The erythrocyte isoform of AE1, known as eAE1, is composed of 911 amino acids. eAE1 is an important structural component of the erythrocyte cell membrane, making up to 25% of the cell membrane surface. Each red cell contains approximately one million copies of eAE1.

The kidney isoform of AE1, known as kAE1 (which is 65 amino acids shorter than erythroid AE1) is found in the basolateral membrane of alpha-intercalated cells in the cortical collecting duct and medullary collecting duct of the kidney.

== Clinical significance ==
It is an important cell membrane protein for interactions between red blood cells (RBC) and Plasmodium falciparum during malaria infection, particularly for strains of P. falciparum that do not exhibit sialic acid dependence for RBC invasion. It is the most abundant protein in the RBC cell membrane.
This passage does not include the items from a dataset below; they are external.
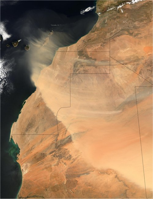 © NASA – The Visible Earth. Jacques Descloitres, MODIS Rapid Response Team, NASA/GSFC. Enorme hoeveelheden stof worden uit de Sahara de lucht in geblazen, zoals op deze satellietfoto te zien is.
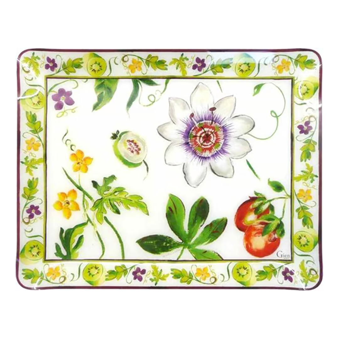 La bandeja acrílica grande Passiflore de Gien France es una pieza funcional y estética que refleja la delicadeza artística de la colección Passiflore. Inspirada en la exótica flor de la pasión, esta bandeja destaca por su composición colorida y armónica, en la que se combinan tonos intensos y formas vegetales que transmiten frescura, energía y elegancia natural.
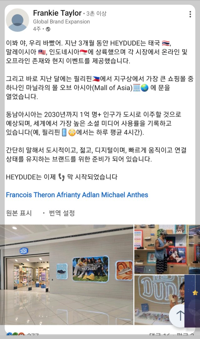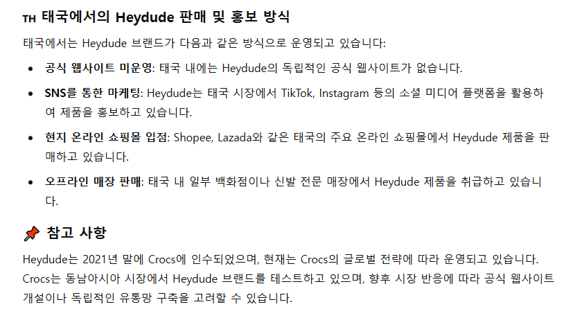 미국에서 시작한 크록스도 전 세계로 퍼진 것처럼 헤이듀드도 글로벌 브랜드로의 발걸음을 조금씩 내딛고 있는 것 같다. 틱톡에서 헤이듀드를 검색해보니, 태국의 몇몇 인플루언서들이 헤이듀드 신발을 멋지게 홍보하고 있는 쇼츠들을 볼 수 있었다.
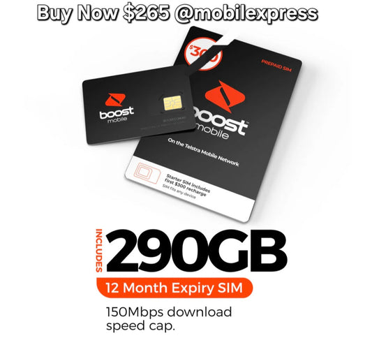 Buy Now:$249 Shipped @ http://www.mobilexpress.com.au Boost Mobile Prepaid SIM – 12-Month Plan (No Lock-In Contract) Plan Inclusions: 290GB Data on the Full Telstra 4G & 5G Network 12-Month Expiry –...
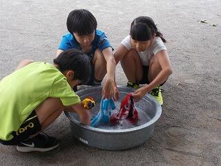予定では,上下の服を着て靴をはいた状態で水の中に入り,ビニール袋や空のペットボトルをどう扱うと,浮くことができるかを体験する予定でした。実施できず,残念です。
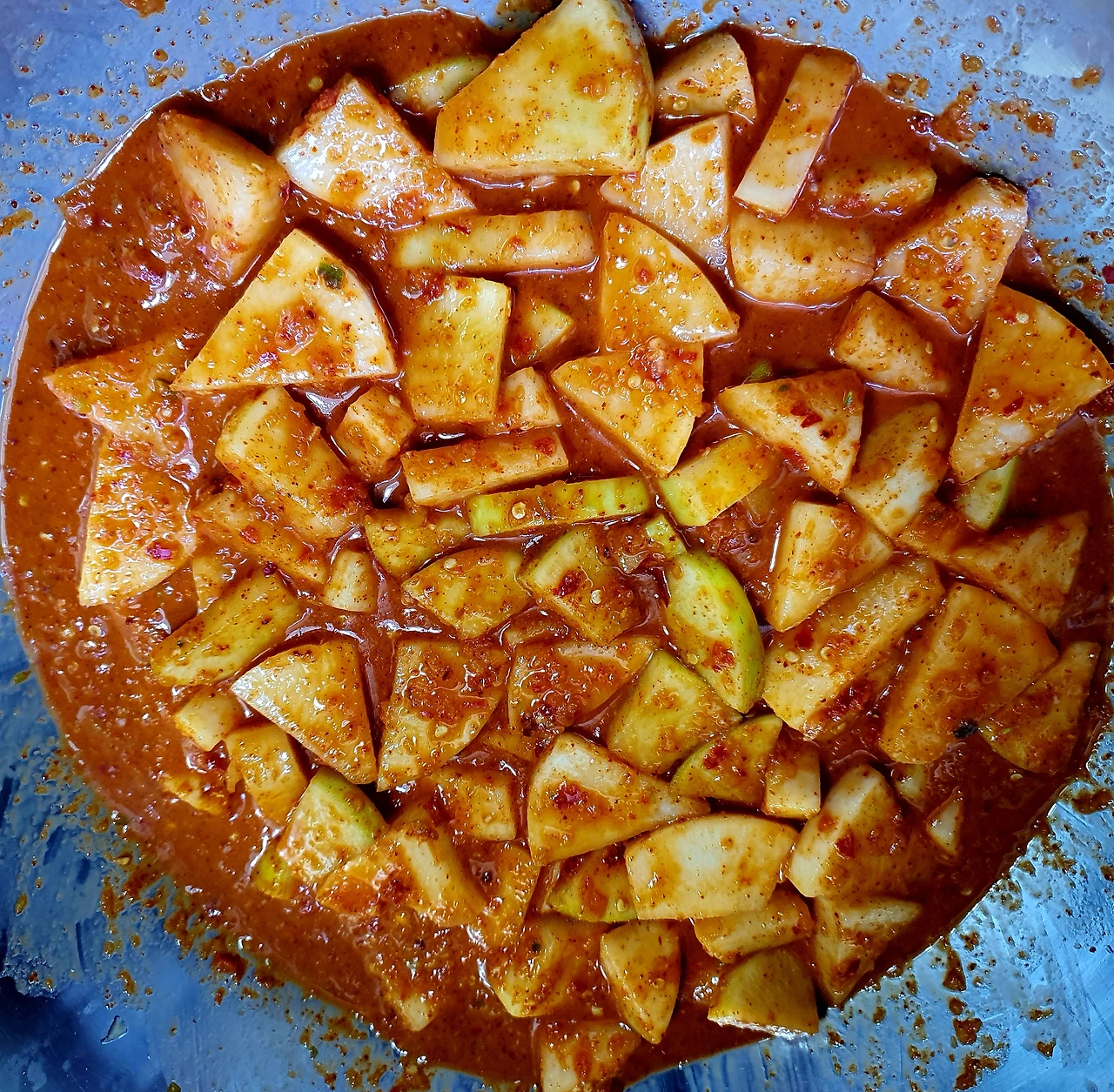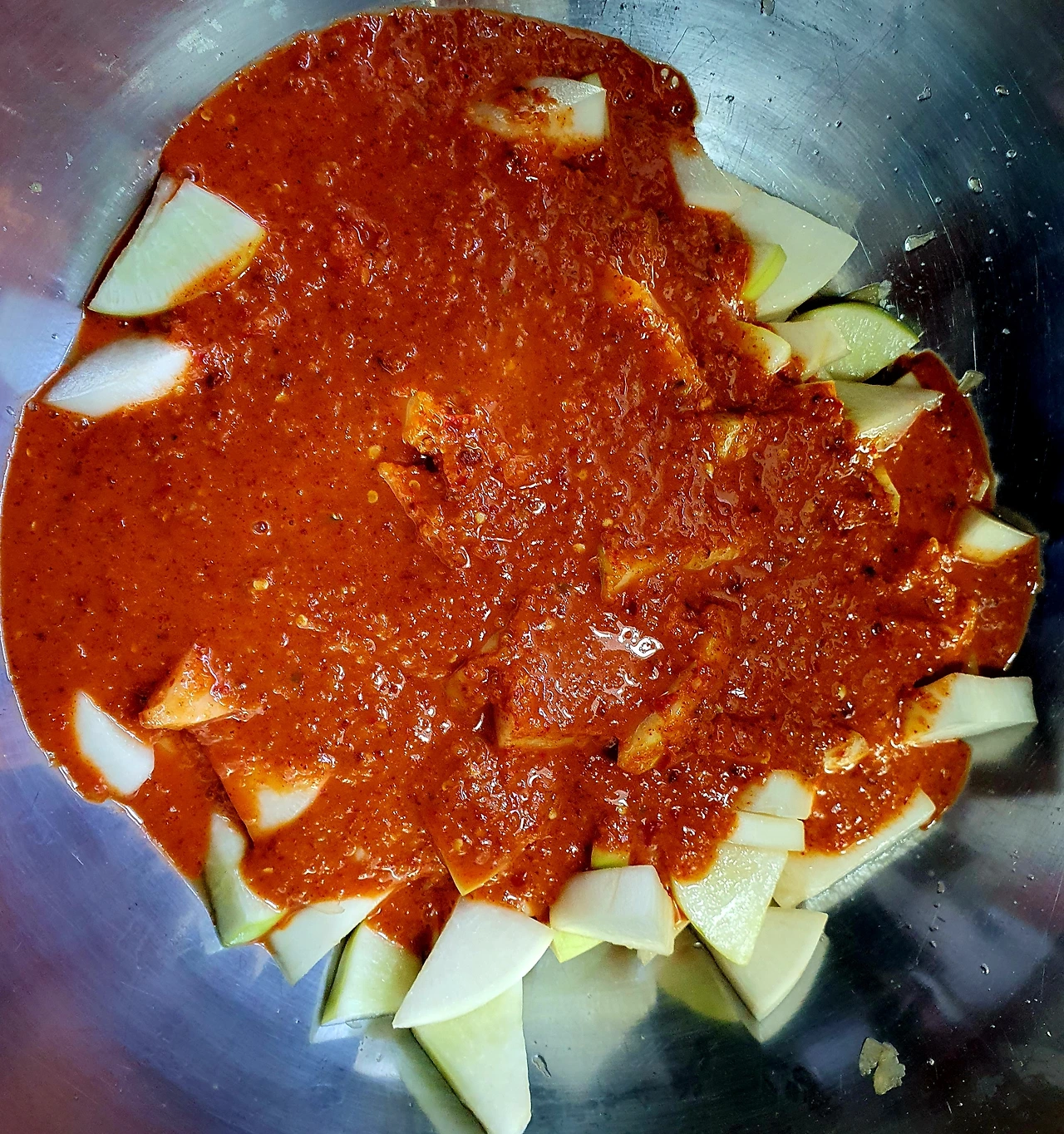 • 절인무와 양념을 골고루 잘 버무려준다.
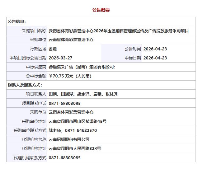 公告链接:云南省体育彩票管理中心2026年玉溪销售管理部宣传及广告投放服务采购项目中标公告
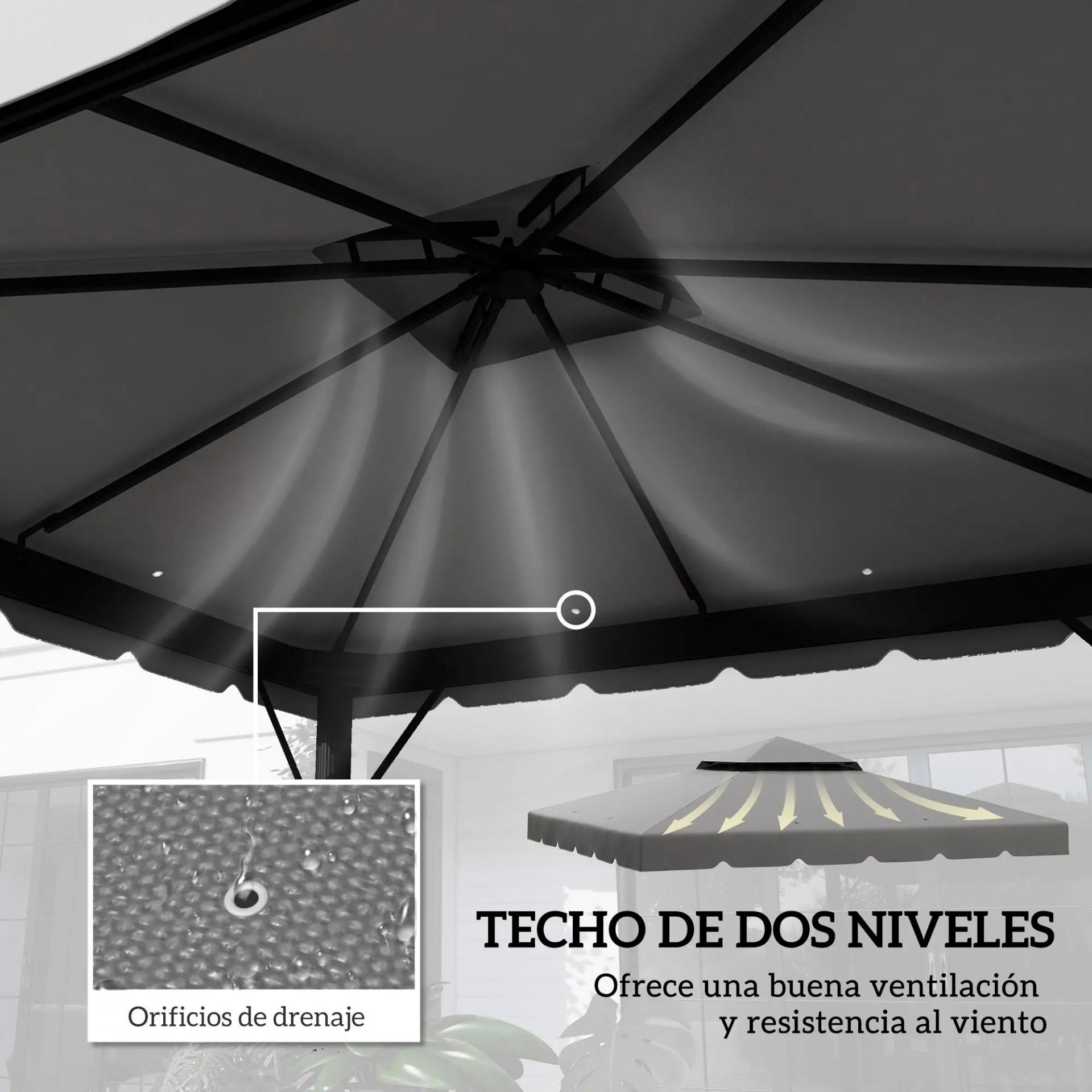 Techo de Repuesto para Cenador 3x3 m Cubierta de Repuesto con Techo Doble y 8 Orificios de Drenaje Gris Claro

Mutations of kidney AE1 cause distal (type 1) renal tubular acidosis, which is an inability to acidify the urine, even if the blood is too acidic. These mutations are disease causing as they cause mistargeting of the mutant band 3 proteins so that they are retained within the cell or occasionally addressed to the wrong (i.e. apical) surface.

Mutations of erythroid AE1 affecting the extracellular domains of the molecule may cause alterations in the individual's blood group, as band 3 determines the Diego antigen system (blood group).

More importantly erythroid AE1 mutations cause 15–25% of cases of hereditary spherocytosis (a disorder associated with progressive red cell membrane loss), and also cause the hereditary conditions of hereditary stomatocytosis and Southeast Asian ovalocytosis.

== Interactions ==
Band 3 has been shown to interact with CA2 and CA4.

== Discovery ==
AE1 was discovered following SDS-PAGE (sodium dodecyl sulfate polyacrylamide gel electrophoresis) of erythrocyte cell membrane. The large 'third' band on the electrophoresis gel represented AE1, which was thus initially termed 'Band 3'.